An additional Arkansas connection to Garvey’s movement was William LeVan Sherrill, one of the key leaders of the organization. Sherrill was born in Altheimer (Jefferson County) in 1894 and graduated from Philander Smith College in 1917. After service in the army in World War I, he lived in Chicago and then Baltimore, Maryland, where Garvey heard him speak at a UNIA meeting and made Sherrill a part of the leadership team. At the international UNIA convention of 1922 in New York, Sherrill was chosen as the organization’s representative to the League of Nations in Geneva and given the title of Leader of American Negroes and Assistant President General. He became the acting president of the UNIA when Garvey went to prison in 1925. Garvey later turned on Sherrill for failing to visit him or send money while in prison. Garvey charged Sherrill with disloyalty and with wasting the UNIA’s funds, and a special meeting of the organization held in March 1926 turned Sherrill out of his offices. Ironically, Sherrill in later years again became a top official in the UNIA. In 1956, he gave a eulogy at the unveiling of a bust of Garvey in his Jamaican homeland (Garvey died in 1940). By this time, the movement had no visible presence in Arkansas.
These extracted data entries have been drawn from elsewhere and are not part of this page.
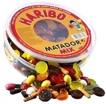 Erdbeerschnüre, Fruchtgummis und andere Süßwaren.
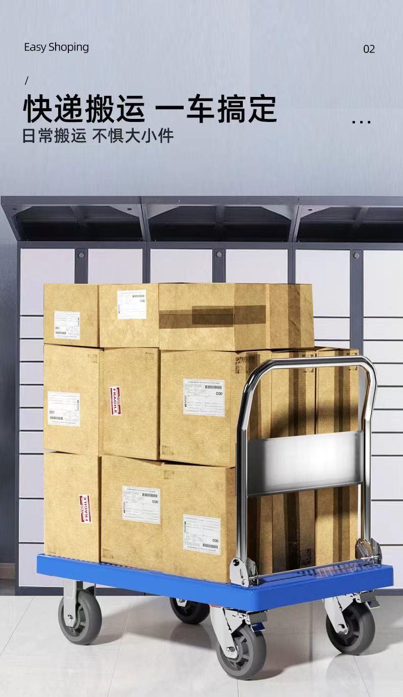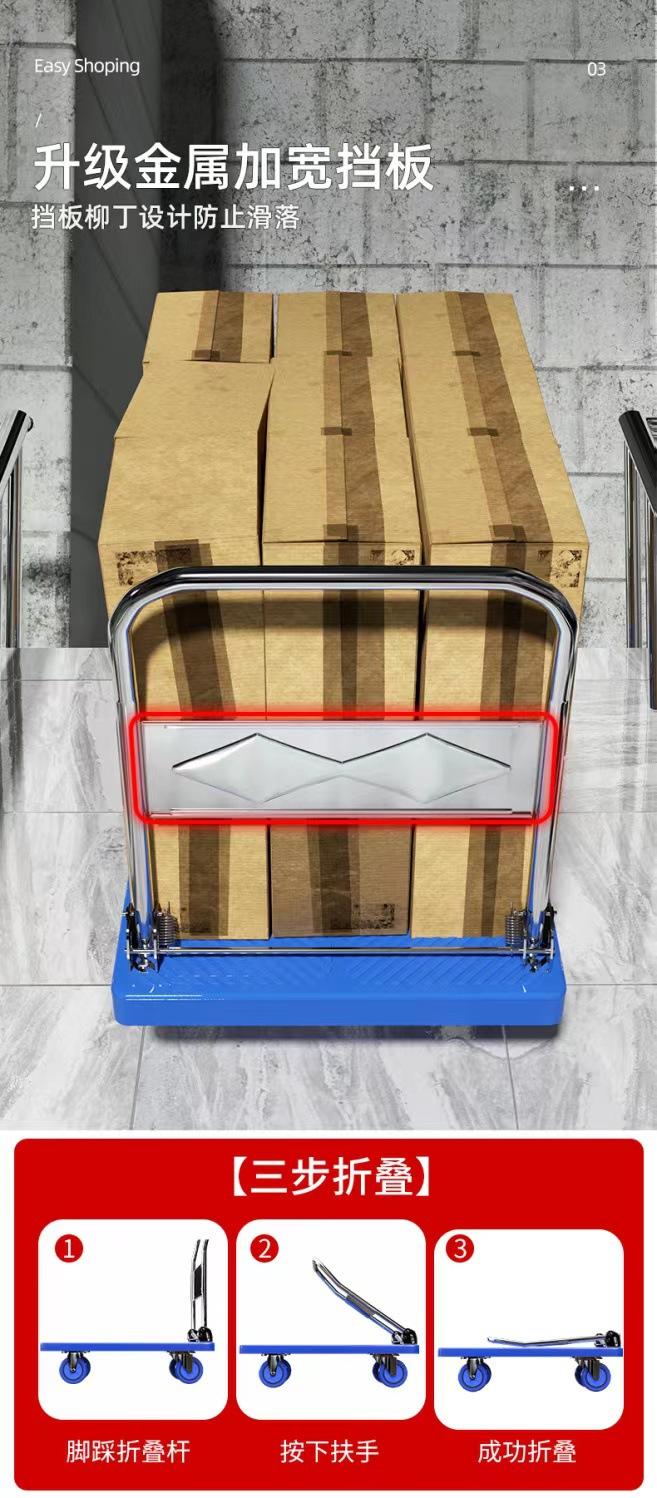 Carro plano, silencioso, plegable, con bandeja plana, portátil, para el hogar, de acero, con freno
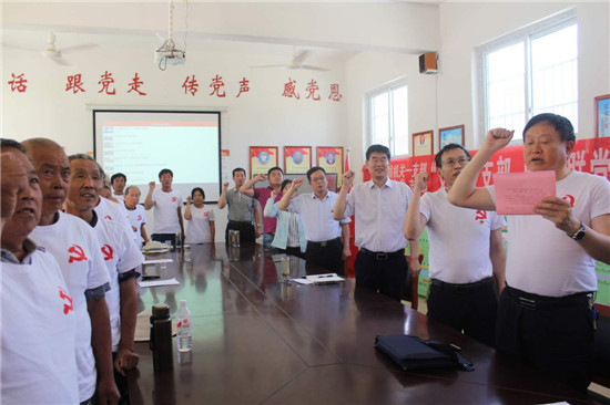 縣教體局黨組書(shū)記、局長(zhǎng)劉現(xiàn)營(yíng),城郊鄉(xiāng)鄉(xiāng)長(zhǎng)王忠,縣教體局機(jī)關(guān)一支部書(shū)記、主任科員張本寶,城郊鄉(xiāng)副鄉(xiāng)長(zhǎng)晉惠萍等帶領(lǐng)與會(huì)黨員舉起右拳,挺起胸膛,莊嚴(yán)宣誓,重溫了入黨誓詞。

For additional information:
Barnes, Kenneth C. “Inspiration from the East: Black Arkansans Look to Japan.” Arkansas Historical Quarterly 69 (Autumn 2010): 201–219.

Hill, Robert A., ed. The Marcus Garvey and Universal Negro Improvement Association Papers. 10 vols. Berkeley: University of California Press, 1983–2006.

Rolinson, Mary. Grassroots Garveyism: The Universal Negro Improvement Association in the Rural South. Chapel Hill: University of North Carolina Press, 2007.